So, without further ado, a quick post about the UCSD Robomagellan bot, “ANA Type R” (stands for “Autonomous Navigation Assistant”, with the Type R for Race… I didn’t make it up >.>). ANA was constructed by an IEEE team of UCSD undergraduates.
Robomagellan is an annual robotics competition held in the Bay Area at the _RoboGames_. The official ruleset can be found _here_. Basically, it’s an autonomous robotics competition that has slightly varied terrain, and the goal is to build a bot to reach an end cone, which you are provided coordinates for. There are bonus cones that are a multiplier to your time (resulting in a fraction of your actual time being your “score”), but it’s easiest to just optimize your bot to tackle the main cone challenge, and leave the others alone; as it is, most teams don’t complete the course. Those who hit the final cone are judged by time, those who don’t are judged by distance to the final cone.

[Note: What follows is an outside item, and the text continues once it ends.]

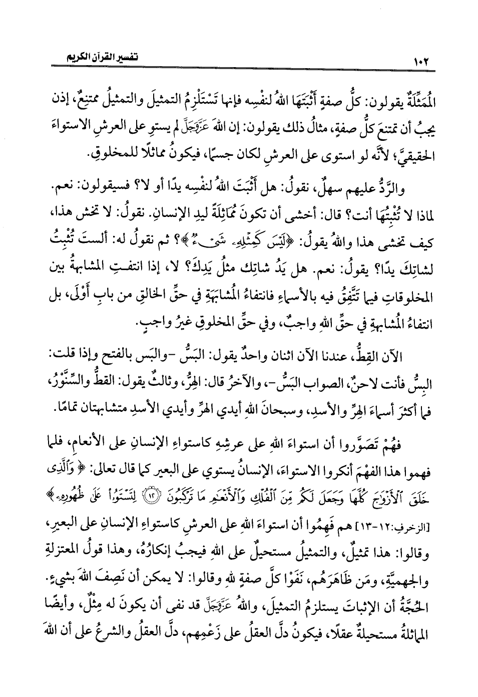 فهُمْ تَصَوَّروا أن استواءَ اللهِ على عرشِهِ كاستواءِ الإنسانِ على الأنعامِ، فلما فهموا هذا الفهْمَ أنكروا الإستواءَ، الإنسانُ يستوي على البعير كما قال تعالى: {وَالَّذِي خَلَقَ الْأَزْوَاجَ كُلَّهَا وَجَعَلَ لَكُمْ مِنَ الْفُلْكِ وَالْأَنْعَامِ مَا تَرْكَبُونَ (١٢) لِتَسْتَوُوا عَلَى ظُهُورِهِ} [الزخرفِ: ١٢ - ١٣] هم فَهِمُوا أن استواءَ اللهِ على العرشِ كاستواءِ الإنسانِ على البعيرِ، وقالوا: هذا تمثيلٌ، والتمثيلُ مستحيلٌ على اللهِ فيجبُ إنكارُهُ، وهذا قولُ المعتزلةِ والجهميَّةِ، ومَن ظَاهَرَهُم، نَفَوْا كلَّ صفةٍ للهِ وقالوا: لا يمكن أن نَصِفَ اللهَ بشيءٍ. الحُجَّةُ أن الإثباتَ يستلزمُ التمثيلَ، واللهُ عَزَّ وَجَلَّ قد نفى أن يكونَ له مِثْلٌ، وأيضًا المماثلةُ مستحيلةٌ عقلًا، فيكونُ دلَّ العقلُ على زَعْمِهم، دلَّ العقلُ والشرعُ على أن اللهَ

The 2010 games were the second year I participated in the construction of a Robomagellan bot, but the first year we actually successfully fielded one.
Starting with a partially working robot based on a _Traxxas E-Maxx_ RC car chassis, we scrapped our main board (an Epia Pico-ITX motherboard, plus messy power supply) in favor of a hacked _chumby One_. As an intern over at chumby during the design and testing of the One model, I was able to source a working prototype board for our development; by then, we had moved to mostly production hardware, so the board was effectively trash to the company. The nice part about all of this was that I was already very familiar with the platform (having spent hours testing it), and had IM support from _@xobs_ and _bunnie_ whenever I needed advice on drivers or hardware, or was having any sort of trouble with the board.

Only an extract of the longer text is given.